En concreto, lo que se analiza es el ADN mitocondrial, explicó Figueiro, quien además es asistente del departamento y trabaja en su tesis de doctorado. Este genoma se hereda por línea materna y “está definido por mutaciones específicas en la región hipervariable". Explicó que se trata de una célula que varía mucho por carecer de mecanismos de protección, por lo que la mutación no se corrige y se va transmitiendo de una generación a otra. Y, como se transmite por la madre, si se rastrea hacia atrás, se puede llegar a la primera mujer, quien dio origen al linaje: la “Eva mitocondrial”.

Figueiro insistió en que esta expresión no es más que una metáfora, ya que no significa que al momento del origen no había otros individuos.
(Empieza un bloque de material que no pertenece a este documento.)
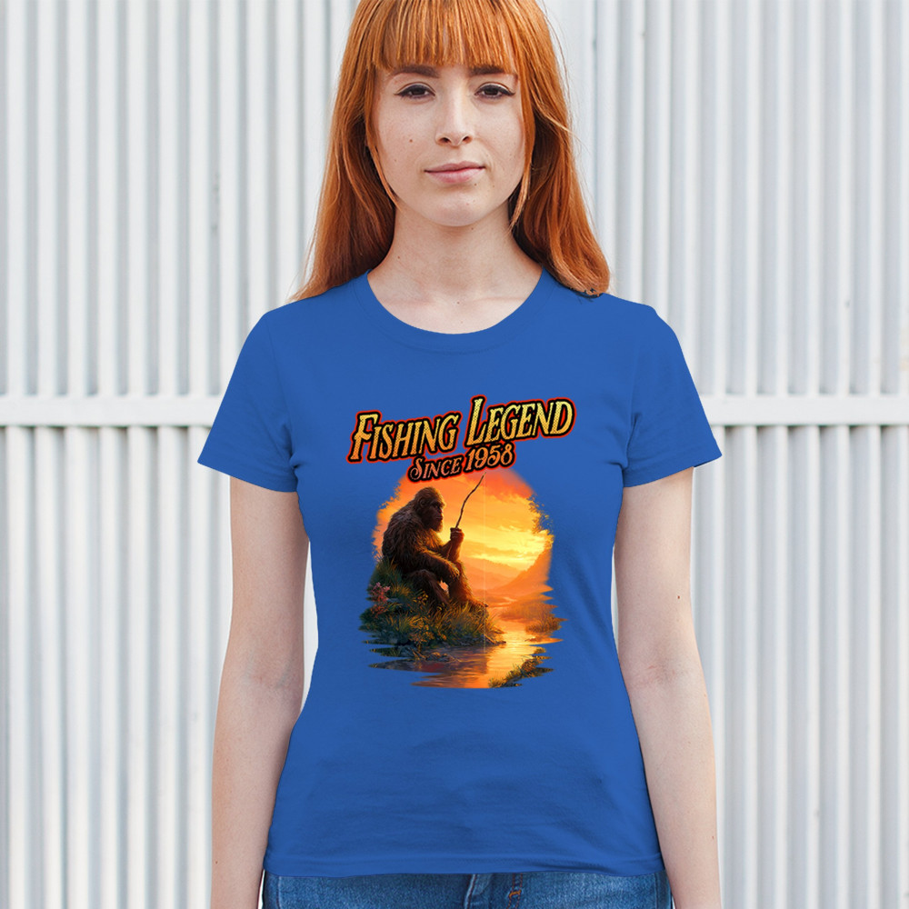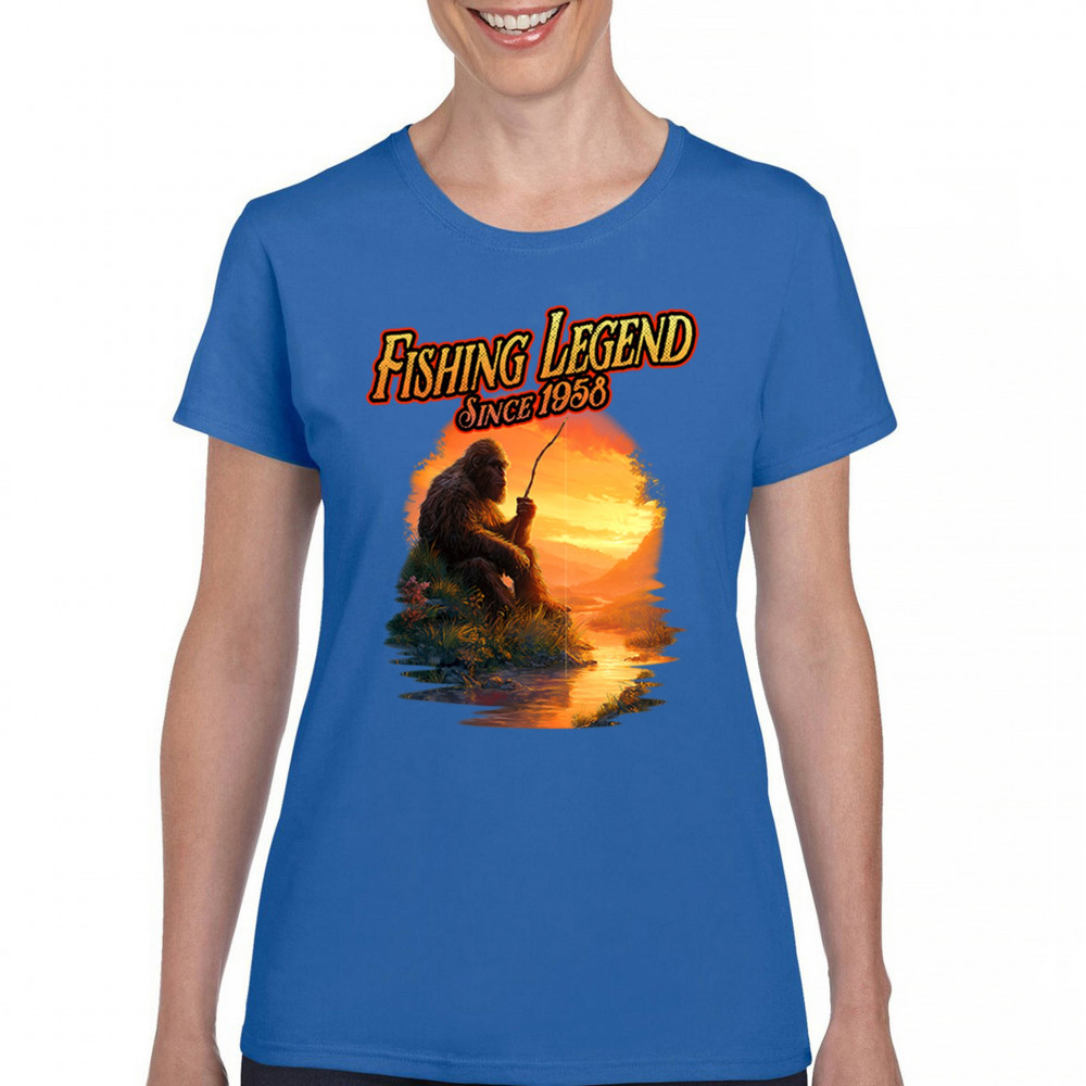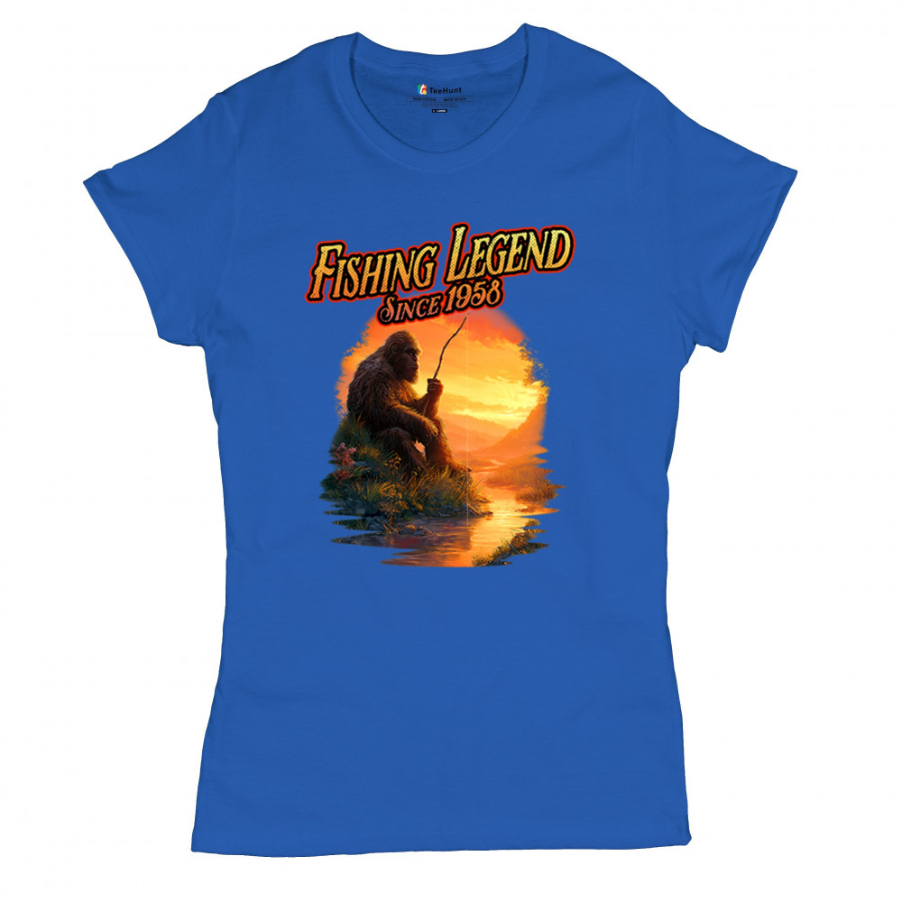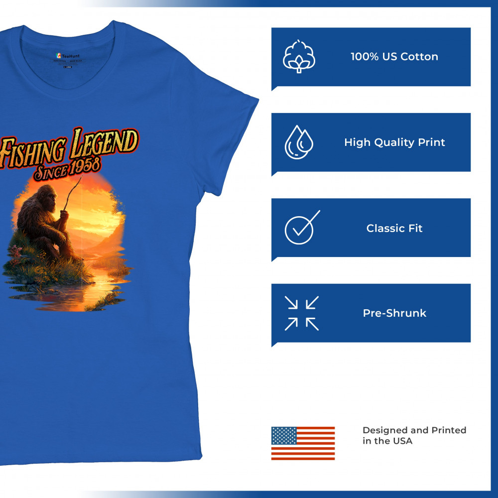 Bigfoot fishing legend design with Sasquatch lifestyle, retro vintage humor, funny wilderness shirt, Father’s Day gift, and campfire style.

Grosso modo, lo que se hizo fue analizar las mutaciones específicas de este genoma. Aquellas personas que presentaban las mismas variantes (o pertenecían al mismo “aplogrupo”), compartían por ende el mismo linaje.

Desde los cerritos


Los antecedentes de este estudio datan de 2001, cuando a partir de un trabajo sobre ancestría en general apareció una persona en Cerro Largo que presentaba estas mutaciones. El hecho no llamó la atención de los investigadores hasta que se analizaron dos esqueletos en un cerrito de indios en Rocha, contó Mónica Sans, quien dirigió el estudio.

La doctora en ciencias biológicas y directora del departamento señaló que se encontraron las mismas mutaciones, características de un linaje específico, en estos dos restos humanos prehistóricos. El más antiguo marca el mínimo de antigüedad del linaje: 1.610 años.

A su vez, el esqueleto del indígena Vaimaca Perú también pertenece al mismo subaplogrupo C1D+16288 o “charrúa”, como lo llaman los investigadores para simplificar. Aunque los cerritos de indios no se adjudican a esta etnia, se confirmó una continuidad genética entre ambas poblaciones.

Por último, cinco uruguayos actuales, cuya identidad no quiso difundir el instituto, presentaron las mismas mutaciones principales. Se trata de ciudadanos oriundos de Flores, Cerro Largo, Montevideo, Soriano y Rocha. Estas personas ni siquiera sospechaban que tenían ancestros indígenas.

 Exclusivo


“Este linaje es único en más de un aspecto”, aseguró Figueiro, no solo porque no se había descripto hasta el momento sino porque aún no se han encontrado muestras en otras partes de América. Ni siquiera luego de secuenciar por completo el ADN mitocondrial de la mujer de Trinidad –algo que no se había hecho todavía en el país– se encontraron coincidencias, lo que permitió comprobar que las mutaciones de otras regiones del genoma también son únicas.

Según los autores, dos hipótesis podrían explicarlo: que el linaje haya sido común pero que haya desaparecido en todas las demás regiones por “deriva génica” o azar; o que se haya originado en lo que hoy es Uruguay y “que esa población no se haya movido de este territorio”.

Sea como sea, ese linaje sobrevivió incluso al genocidio de Salsipuedes, donde se creía que había terminado una población que ahora este estudio “rescata”, como explicó Sans. Al menos desde la genética.

 


Linaje


El linaje al que perteneció Vaimaca Perú, el indígena comúnmente adscripto a la etnia charrúa, es el mismo al que pertenecieron dos indígenas enterrados en un “cerrito de indios” en Rocha. A su vez, hasta el momento se han encontrado cinco uruguayos en distintas partes del país que presentan las mismas mutaciones en el ADN mitocondrial y que son determinantes de ese linaje.

Según Gonzalo Figueiro, es “peligroso y casi falaz” relacionar la ascendencia genética con la étnica, por lo que no es posible asegurar que ese linaje sea charrúa. Lo que sí se confirma, dijo la doctora Mónica Sans, es que hay una “continuidad biológica clarísima”. Además, como el genoma mitocondrial se transmite por línea materna y al menos tres de estos cinco uruguayos son mujeres, puede suceder que el linaje siga extendiéndose en el tiempo.